これに満足せず、私たちは無知と悪意を陰謀に結びつけたのです。私たちは彼らの音楽について言ったのと同じくらいの悪口を俳優たちについても言うのを忘れなかったのです。彼らが私たちから受けたあしらいのうわさが大変いい効果を及ぼし、バンビーニが何とかして呼ぼうとした立派な人たちはみんな侮辱を受けにパリにやってくることを嫌がっているのです。共通の力強い利益と私たちの弓の栄光の復讐をしたいという欲望によって団結しているので、私たちには、哀れな外国人たちを踏みつぶしてしまうことなど難しいことではありませんでした。なぜなら、彼らは商売の秘訣などわきまえておらず、自分たちの才能以外の保護者を持たず、感じやすく公平な耳以外の支持者を持たず、彼らが努力して聴衆に与えようとしている喜び以外の策も持っていないのですから。お人好しの彼らは、この喜びが逆に彼らの罪を重くし、彼らが受ける罰を速めることになろうとは、思いもよらなかったのです。最後にはその罰を受ける気になったようですが、それでも何のことやら分かっていないのです。というのは彼らが罰をもっと感じるように、彼らが予告もなく支払いもされずに、また彼らが罰せられることなしに聴衆に気に入られることが許されるような安住の地を探すいとまも残さずに、突然解雇されるのを見るだけで、私たちは満足だからです。

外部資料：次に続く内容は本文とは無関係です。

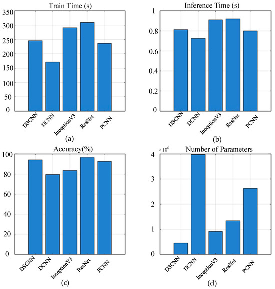 To ensure a fair comparison, the input size of all models was standardized to 64 × 64 × 3, and the output was set to five classes. All models were evaluated on the same training dataset and using consistent evaluation metrics, with unified training strategies including the number of epochs, optimizer, learning rate, and batch size. Although different networks employ their respective classic design approaches (such as the stacked structure of DCNN, residual connections of ResNet, and multi-scale parallel branches of InceptionV3), efforts were made to maintain similar network depths and numbers of convolutional layers across models. This ensured that their feature extraction capabilities were roughly on the same level, minimizing performance bias caused by architectural differences. For example, all models contain approximately five to seven convolutional layers; some models, such as InceptionV3 and the proposed model, utilize parallel or channel-expansion structures, but the overall parameter count was controlled within a reasonable range. The diversity of feature extraction strategies among these models provides a representative basis for subsequent performance evaluation. Figure 10 presents the performance results of each model in the fault diagnosis task for the shearer rocker arm gear, including key metrics such as training time, inference time, accuracy, and parameter count.

私たちは、真の市民やとりわけ私たちの劇場によく出入りしている趣味人の慰めとして、みんなから見放され、侮辱を山ほど受けてきたフランスの俳優たちがまもなく彼らの劇場を閉鎖せざるを得なくなるだろうと期待しています。そうなれば、王妃側というのは、コルネイユ、ラシーヌ、ヴォルテールの笑劇や幕間劇の笑劇を堂々と賛美してる熱烈な支持者から構成されているだけに、いっそう私たちにとって喜びとなるでしょう。こうして愚劣にもフランス演劇とイタリアオペラを求める外国人はみんなパリではイタリア演劇とフランス国民の趣味の貴重な記念物であるフランスオペラしかないので、あれほど熱心にパリに駆けつけようとすることはやめるでしょう。そうなれば、もっと住み易くなるし、家賃ももはやそれほど高くなることもないでしょうから、王国にとっても大きな利益となるでしょう。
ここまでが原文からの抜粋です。